━━━━━ DATA PROVIDED

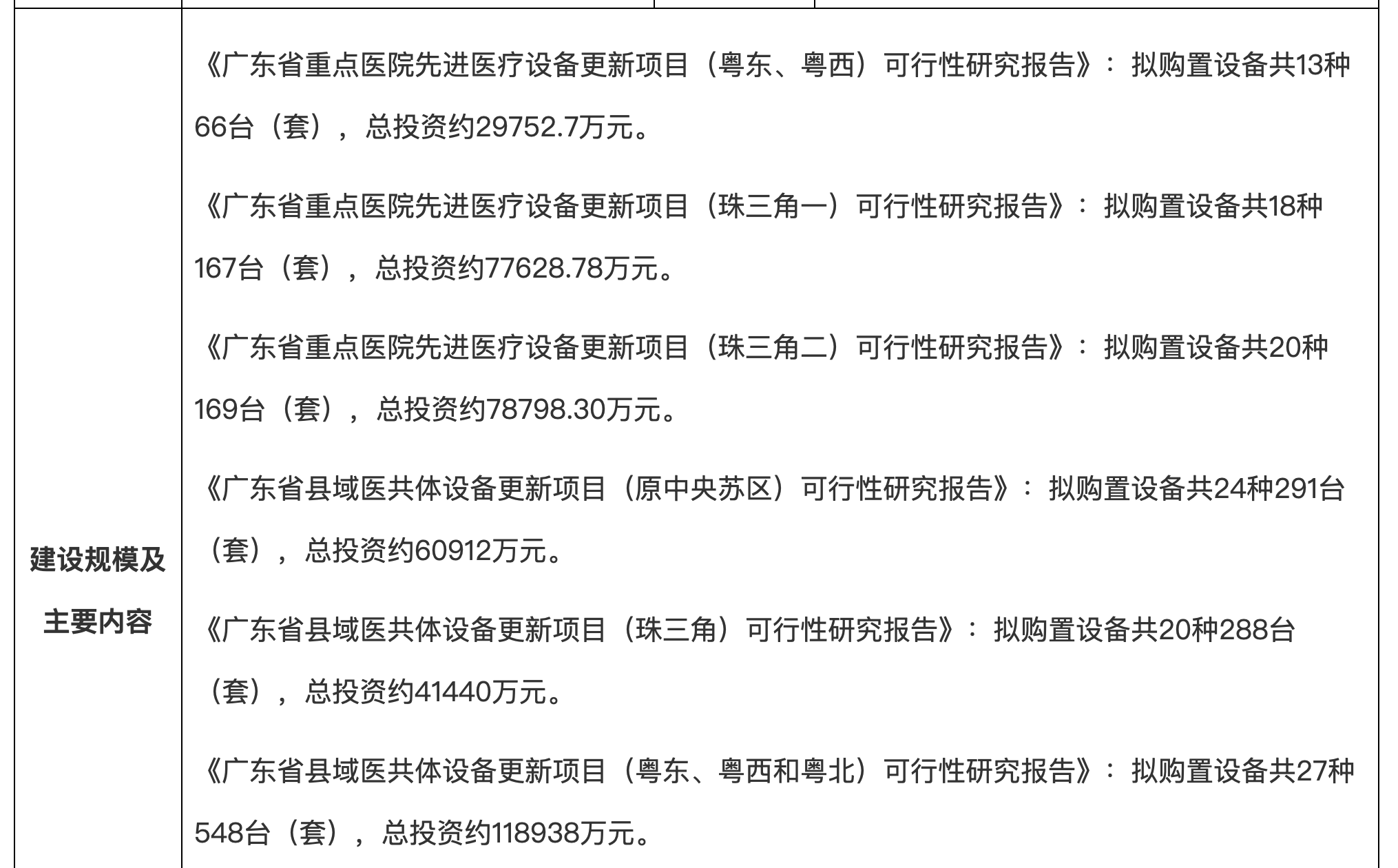 《廣東省縣域醫共體設備更新項目(粵東、粵西和粵北)可行性研究報告》:擬購置設備共27種548臺(套),總投資約118938萬元。
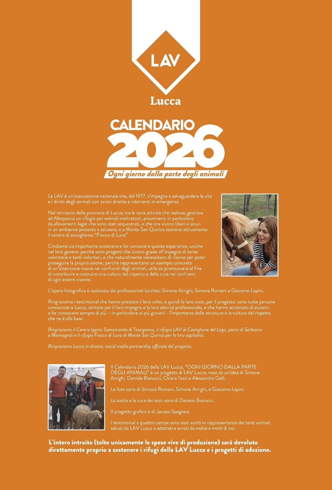 Nasce così l'edizione 2026 del calendario della LAV Lucca "Ogni giorno dalla parte degli animali", un prodotto fotografico che sarà in vendita per raccogliere fondi proprio per l'associazione che si batte e s'impegna sul territorio per sostenere i rifugi e i progetti di adozione.
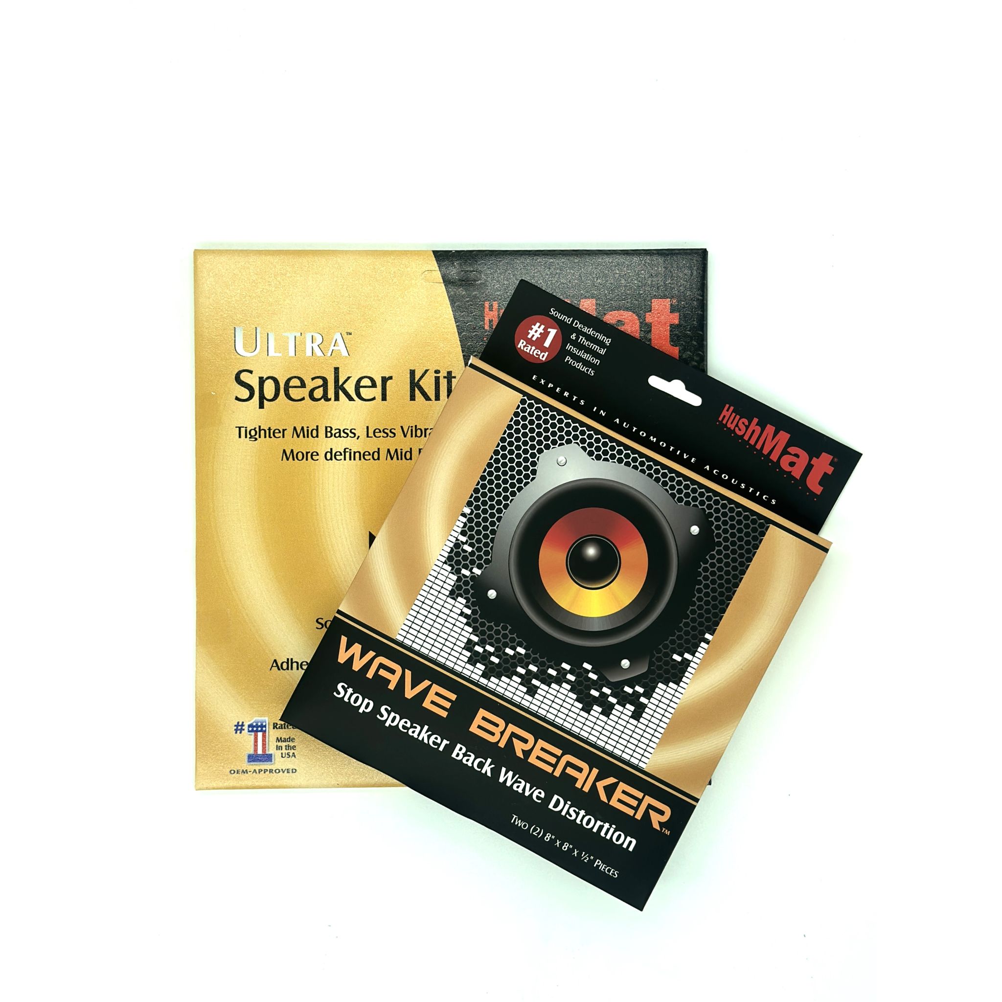 HushMat Speaker and Wave Breaker Combo Kit. HushMat ensures noise reduction, creating a premium sound environment when paired with the Wave Breaker, this kit delivers crisp, clear audio by minimizing vibration and wave interference.
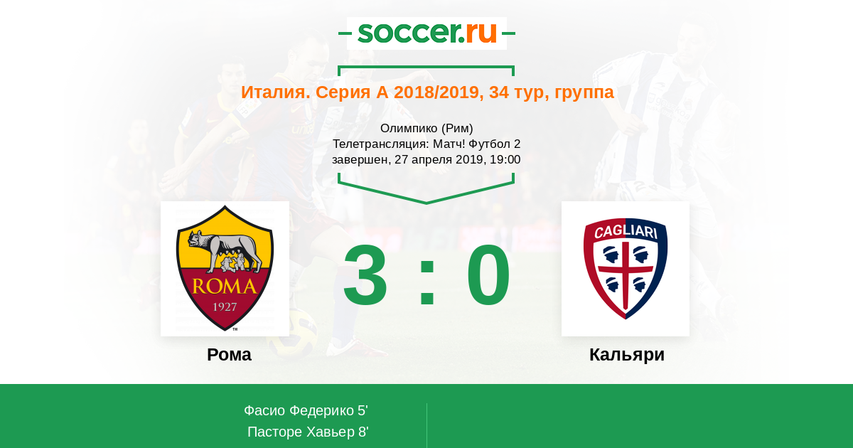 Протокол матча Рома против Кальяри
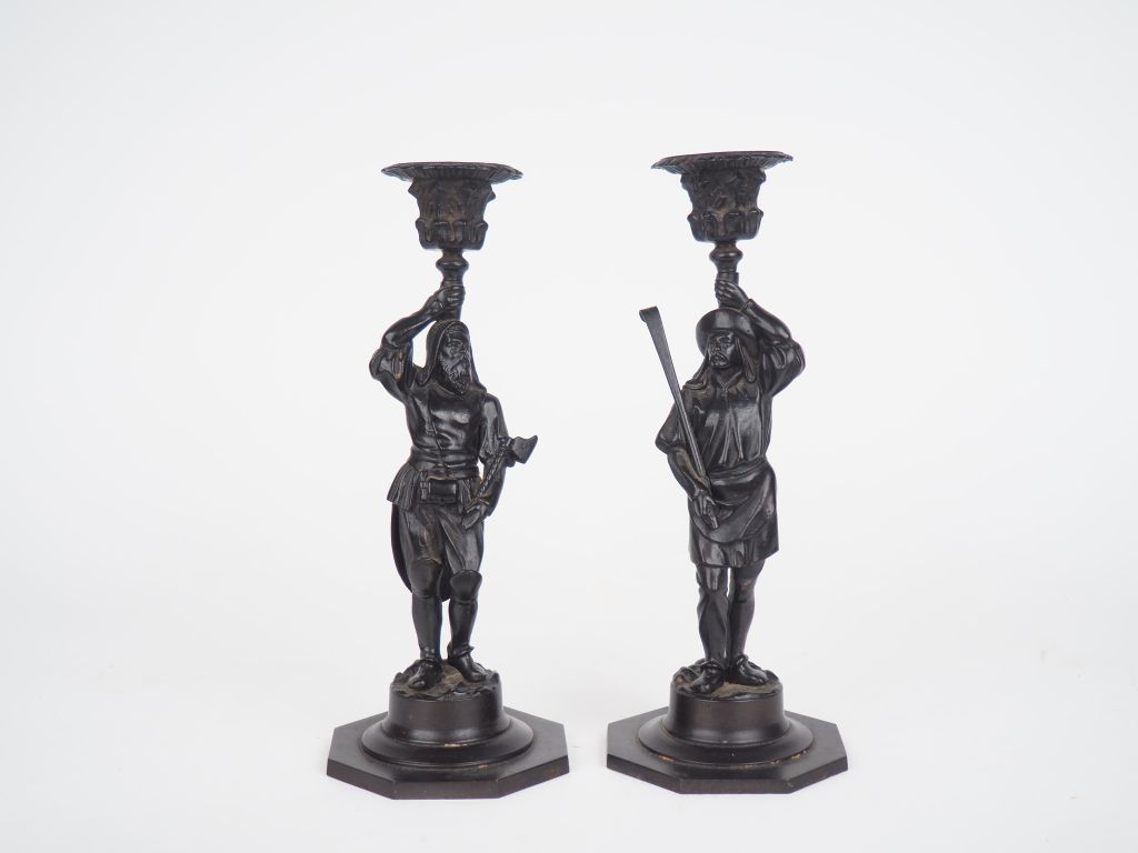 Paire de bougeoirs fin XIXème - début XXème en fonte à patine noire figurant deux bucherons. Portent un monogramme, 2 marteaux croisés. H. 25 cm.
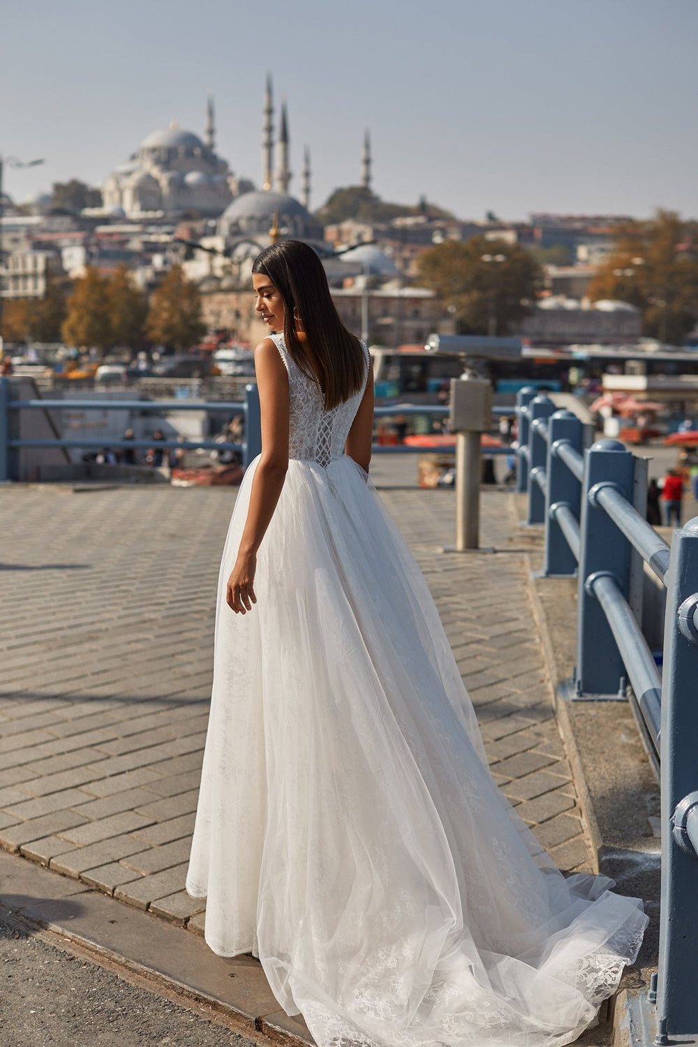 Indulge in the romantic and feminine allure of the Ece Gown. Crafted from intricate lace fabric, this gown boasts a sheer tulle skirt overlay adorned with pearl accents and features subtle nude mesh inserts on the bust and sides. Its classic lace-up back adds an elegant finishing touch. The Ece Gown is a testament to timeless sophistication.

━━━━━━━━━━

With the pictures left out, give again exactly the lines from the one that contains "Протокол матча Рома против Кальяри" through the final line of the data above.

ANSWER BOX:
 Протокол матча Рома против Кальяри
 Paire de bougeoirs fin XIXème - début XXème en fonte à patine noire figurant deux bucherons. Portent un monogramme, 2 marteaux croisés. H. 25 cm.
 Indulge in the romantic and feminine allure of the Ece Gown. Crafted from intricate lace fabric, this gown boasts a sheer tulle skirt overlay adorned with pearl accents and features subtle nude mesh inserts on the bust and sides. Its classic lace-up back adds an elegant finishing touch. The Ece Gown is a testament to timeless sophistication.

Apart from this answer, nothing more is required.